Radiat Res 1997;147:422-430.

To evaluate the lifetime hazards of exposure to ionizing radiation, 1,680 beagles received whole-body exposures to 60Co gamma rays or sham exposures during development. Eight groups of 120 dogs each received mean doses of 16-18 or 81-88 cGy at 8, 28 or 55 days of gestation, or at 2 days after birth. One group of 120 dogs received a mean of 83 cGy at 70 days of age and one group of 240 dogs received a mean of 81 cGy at 365 days of age. Sham irradiations were given to 360 controls. Sexes were equally represented. In 1,343 dogs allowed to live out their life span, heritable lymphocytic thyroiditis with hypothyroidism was a major contributor to mortality. Irradiated dogs had a decreased risk for hypothyroidism, a finding that was surprising and not easily explained. Of the 1,343 life-span dogs, those exposed as neonates at 2 days of age or as juveniles at 70 days of age had evidence for an increased risk for thyroid follicular cell neoplasia.
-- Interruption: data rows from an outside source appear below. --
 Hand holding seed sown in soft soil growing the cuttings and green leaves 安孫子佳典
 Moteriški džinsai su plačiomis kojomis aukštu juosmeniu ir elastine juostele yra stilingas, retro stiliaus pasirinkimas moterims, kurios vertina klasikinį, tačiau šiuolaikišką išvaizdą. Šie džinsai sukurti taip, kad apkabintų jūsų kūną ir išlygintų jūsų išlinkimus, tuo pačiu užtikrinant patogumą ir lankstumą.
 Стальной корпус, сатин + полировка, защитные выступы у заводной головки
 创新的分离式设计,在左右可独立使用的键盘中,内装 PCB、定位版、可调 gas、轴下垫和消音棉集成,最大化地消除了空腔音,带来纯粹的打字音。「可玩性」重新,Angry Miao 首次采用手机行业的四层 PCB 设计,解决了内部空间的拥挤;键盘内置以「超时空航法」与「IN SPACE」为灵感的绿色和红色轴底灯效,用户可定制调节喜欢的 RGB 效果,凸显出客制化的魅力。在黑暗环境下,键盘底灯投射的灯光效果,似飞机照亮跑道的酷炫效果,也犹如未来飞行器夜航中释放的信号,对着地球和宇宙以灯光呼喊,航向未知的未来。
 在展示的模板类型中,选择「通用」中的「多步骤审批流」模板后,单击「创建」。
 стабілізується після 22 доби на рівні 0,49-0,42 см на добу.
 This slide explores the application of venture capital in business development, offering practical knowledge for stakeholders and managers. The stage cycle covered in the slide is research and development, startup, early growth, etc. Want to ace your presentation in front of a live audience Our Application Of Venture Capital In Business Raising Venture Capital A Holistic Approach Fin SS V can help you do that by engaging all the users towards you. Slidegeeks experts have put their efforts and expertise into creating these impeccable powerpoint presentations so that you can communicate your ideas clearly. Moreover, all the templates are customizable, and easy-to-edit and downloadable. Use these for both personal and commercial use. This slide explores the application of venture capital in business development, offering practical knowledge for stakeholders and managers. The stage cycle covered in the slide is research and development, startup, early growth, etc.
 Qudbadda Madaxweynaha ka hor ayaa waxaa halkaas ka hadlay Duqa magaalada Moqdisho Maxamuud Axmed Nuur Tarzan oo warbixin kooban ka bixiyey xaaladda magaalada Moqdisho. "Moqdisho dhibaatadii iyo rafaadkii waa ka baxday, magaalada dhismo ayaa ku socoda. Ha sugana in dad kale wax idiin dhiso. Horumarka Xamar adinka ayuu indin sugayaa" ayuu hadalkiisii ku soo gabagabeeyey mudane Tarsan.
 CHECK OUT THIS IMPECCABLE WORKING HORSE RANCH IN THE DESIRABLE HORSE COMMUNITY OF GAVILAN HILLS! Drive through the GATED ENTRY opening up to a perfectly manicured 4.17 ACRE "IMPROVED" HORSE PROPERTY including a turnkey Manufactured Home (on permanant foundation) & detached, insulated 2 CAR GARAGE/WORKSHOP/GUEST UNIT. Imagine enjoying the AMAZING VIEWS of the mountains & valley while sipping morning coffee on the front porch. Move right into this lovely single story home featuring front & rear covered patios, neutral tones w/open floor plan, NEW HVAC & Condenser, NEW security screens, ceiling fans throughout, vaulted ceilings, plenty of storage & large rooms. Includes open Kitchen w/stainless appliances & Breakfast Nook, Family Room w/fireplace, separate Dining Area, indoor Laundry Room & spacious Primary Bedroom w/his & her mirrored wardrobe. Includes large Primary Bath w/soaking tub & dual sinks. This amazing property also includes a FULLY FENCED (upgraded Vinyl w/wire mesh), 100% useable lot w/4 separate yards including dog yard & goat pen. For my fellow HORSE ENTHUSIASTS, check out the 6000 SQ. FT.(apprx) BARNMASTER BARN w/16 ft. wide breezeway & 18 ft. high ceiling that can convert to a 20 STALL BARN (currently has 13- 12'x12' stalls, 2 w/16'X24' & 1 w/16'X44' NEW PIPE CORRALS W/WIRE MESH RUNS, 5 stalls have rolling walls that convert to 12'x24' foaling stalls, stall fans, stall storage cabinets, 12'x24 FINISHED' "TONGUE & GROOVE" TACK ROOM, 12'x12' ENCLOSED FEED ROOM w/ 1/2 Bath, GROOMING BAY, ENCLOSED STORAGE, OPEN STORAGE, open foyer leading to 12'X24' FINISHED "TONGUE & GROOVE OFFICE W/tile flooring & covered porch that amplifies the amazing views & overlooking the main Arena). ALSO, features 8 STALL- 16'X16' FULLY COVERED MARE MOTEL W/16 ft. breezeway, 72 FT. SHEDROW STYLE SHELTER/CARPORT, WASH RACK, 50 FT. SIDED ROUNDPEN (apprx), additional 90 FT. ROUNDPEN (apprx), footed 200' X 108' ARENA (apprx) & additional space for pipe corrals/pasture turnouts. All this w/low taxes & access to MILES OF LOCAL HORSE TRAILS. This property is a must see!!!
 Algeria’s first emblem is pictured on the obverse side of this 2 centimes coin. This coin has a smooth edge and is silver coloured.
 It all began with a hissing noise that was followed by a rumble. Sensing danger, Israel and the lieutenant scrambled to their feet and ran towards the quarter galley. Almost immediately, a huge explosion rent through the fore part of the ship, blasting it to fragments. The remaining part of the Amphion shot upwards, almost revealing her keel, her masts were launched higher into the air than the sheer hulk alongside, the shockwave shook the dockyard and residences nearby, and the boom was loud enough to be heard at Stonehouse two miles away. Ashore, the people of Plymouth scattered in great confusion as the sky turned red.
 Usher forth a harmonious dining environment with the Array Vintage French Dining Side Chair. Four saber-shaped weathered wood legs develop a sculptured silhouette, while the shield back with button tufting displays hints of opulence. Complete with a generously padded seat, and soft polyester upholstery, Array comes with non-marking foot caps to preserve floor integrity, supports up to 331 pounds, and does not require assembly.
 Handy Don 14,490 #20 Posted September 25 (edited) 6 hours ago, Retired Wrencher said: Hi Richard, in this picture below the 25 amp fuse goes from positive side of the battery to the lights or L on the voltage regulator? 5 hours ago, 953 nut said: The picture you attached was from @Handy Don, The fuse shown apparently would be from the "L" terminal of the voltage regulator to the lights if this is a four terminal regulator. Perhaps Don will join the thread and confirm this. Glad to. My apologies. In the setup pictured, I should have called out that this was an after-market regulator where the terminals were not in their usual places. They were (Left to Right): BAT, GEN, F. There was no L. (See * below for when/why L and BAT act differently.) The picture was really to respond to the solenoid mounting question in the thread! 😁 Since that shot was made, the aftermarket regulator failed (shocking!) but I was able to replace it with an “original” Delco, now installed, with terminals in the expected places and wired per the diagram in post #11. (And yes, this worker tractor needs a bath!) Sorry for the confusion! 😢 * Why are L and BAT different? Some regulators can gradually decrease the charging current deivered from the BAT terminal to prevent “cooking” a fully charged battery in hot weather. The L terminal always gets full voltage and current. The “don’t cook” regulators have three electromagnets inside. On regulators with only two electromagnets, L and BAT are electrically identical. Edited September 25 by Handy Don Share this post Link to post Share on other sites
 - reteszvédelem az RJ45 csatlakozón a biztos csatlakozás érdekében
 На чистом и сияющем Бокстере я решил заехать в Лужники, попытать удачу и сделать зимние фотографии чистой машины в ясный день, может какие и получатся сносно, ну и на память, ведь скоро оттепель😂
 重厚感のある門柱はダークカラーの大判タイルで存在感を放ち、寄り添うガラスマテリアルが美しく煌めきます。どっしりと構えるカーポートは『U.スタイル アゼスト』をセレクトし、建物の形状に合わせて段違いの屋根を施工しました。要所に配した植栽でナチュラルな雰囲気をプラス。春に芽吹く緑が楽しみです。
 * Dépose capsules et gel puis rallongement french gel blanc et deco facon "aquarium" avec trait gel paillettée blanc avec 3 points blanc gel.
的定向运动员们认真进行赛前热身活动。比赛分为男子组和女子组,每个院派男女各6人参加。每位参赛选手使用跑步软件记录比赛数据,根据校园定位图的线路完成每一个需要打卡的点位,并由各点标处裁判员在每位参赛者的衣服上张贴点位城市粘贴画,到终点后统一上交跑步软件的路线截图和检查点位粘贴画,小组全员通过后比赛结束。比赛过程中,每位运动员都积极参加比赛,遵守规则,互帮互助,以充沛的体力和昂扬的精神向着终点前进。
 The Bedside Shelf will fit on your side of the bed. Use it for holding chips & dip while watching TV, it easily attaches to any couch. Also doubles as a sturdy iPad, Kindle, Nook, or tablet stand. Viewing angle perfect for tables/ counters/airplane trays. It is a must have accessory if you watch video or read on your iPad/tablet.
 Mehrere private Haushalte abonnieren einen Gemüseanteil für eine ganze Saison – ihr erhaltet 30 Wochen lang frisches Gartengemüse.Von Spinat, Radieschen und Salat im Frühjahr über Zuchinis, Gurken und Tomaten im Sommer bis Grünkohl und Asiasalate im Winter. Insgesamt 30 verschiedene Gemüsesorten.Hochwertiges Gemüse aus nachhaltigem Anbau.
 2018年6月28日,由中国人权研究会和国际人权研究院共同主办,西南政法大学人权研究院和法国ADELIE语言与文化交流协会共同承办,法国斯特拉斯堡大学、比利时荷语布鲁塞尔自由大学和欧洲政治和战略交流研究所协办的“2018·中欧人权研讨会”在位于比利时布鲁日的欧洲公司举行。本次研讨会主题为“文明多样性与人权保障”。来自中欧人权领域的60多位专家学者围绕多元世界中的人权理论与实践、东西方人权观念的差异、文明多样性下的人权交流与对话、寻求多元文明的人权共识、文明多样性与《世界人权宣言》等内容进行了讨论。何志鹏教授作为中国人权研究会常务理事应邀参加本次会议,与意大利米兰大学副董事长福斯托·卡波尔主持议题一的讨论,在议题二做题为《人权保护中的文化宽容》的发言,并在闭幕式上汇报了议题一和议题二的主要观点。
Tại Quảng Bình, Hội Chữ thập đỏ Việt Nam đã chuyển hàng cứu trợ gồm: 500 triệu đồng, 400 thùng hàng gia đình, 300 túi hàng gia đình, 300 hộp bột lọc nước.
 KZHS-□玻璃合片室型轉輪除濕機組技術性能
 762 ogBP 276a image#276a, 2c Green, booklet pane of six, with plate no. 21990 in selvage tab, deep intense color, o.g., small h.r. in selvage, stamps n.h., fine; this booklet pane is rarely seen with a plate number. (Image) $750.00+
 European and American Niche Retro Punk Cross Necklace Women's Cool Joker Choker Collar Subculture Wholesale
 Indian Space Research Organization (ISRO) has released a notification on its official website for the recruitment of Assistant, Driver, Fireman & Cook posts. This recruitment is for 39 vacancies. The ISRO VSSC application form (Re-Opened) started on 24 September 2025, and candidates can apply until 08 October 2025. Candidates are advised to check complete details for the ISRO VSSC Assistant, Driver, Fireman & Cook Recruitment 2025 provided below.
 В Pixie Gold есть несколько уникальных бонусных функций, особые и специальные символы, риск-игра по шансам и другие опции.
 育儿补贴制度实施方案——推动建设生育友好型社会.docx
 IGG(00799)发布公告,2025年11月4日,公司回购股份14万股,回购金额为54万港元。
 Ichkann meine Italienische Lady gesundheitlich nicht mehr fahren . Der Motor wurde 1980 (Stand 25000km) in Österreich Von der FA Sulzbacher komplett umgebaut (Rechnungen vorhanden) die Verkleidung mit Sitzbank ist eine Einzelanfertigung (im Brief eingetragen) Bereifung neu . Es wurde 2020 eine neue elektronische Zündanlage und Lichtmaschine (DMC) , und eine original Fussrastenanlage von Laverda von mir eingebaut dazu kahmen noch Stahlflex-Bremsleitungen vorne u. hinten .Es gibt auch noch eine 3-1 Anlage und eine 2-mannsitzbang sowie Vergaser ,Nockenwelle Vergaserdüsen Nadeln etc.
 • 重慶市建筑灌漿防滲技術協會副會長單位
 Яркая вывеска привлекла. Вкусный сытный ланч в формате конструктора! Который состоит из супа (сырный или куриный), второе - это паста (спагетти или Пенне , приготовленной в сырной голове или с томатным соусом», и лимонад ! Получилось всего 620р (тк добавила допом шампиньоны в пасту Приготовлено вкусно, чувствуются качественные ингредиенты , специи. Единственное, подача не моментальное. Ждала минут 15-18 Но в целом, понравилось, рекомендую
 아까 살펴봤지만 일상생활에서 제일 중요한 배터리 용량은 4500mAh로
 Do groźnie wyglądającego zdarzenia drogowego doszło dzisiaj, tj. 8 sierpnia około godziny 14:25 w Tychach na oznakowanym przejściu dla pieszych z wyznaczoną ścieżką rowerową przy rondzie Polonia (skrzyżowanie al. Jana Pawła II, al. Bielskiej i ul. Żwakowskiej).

Hypothyroid dogs had a significantly increased risk for thyroid neoplasia, including greater risk for carcinomas, but no evidence of a greater sensitivity to radiation-induced tumors. In dogs with normal thyroid function irradiated at 2 or 70 days of age there was increased risk for benign and malignant follicular cell neoplasms, including multiple neoplasms. No difference between sexes was noted. These findings related to age sensitivity in the dog were consistent with the high risk for radiogenic thyroid neoplasia in humans after exposure during early childhood.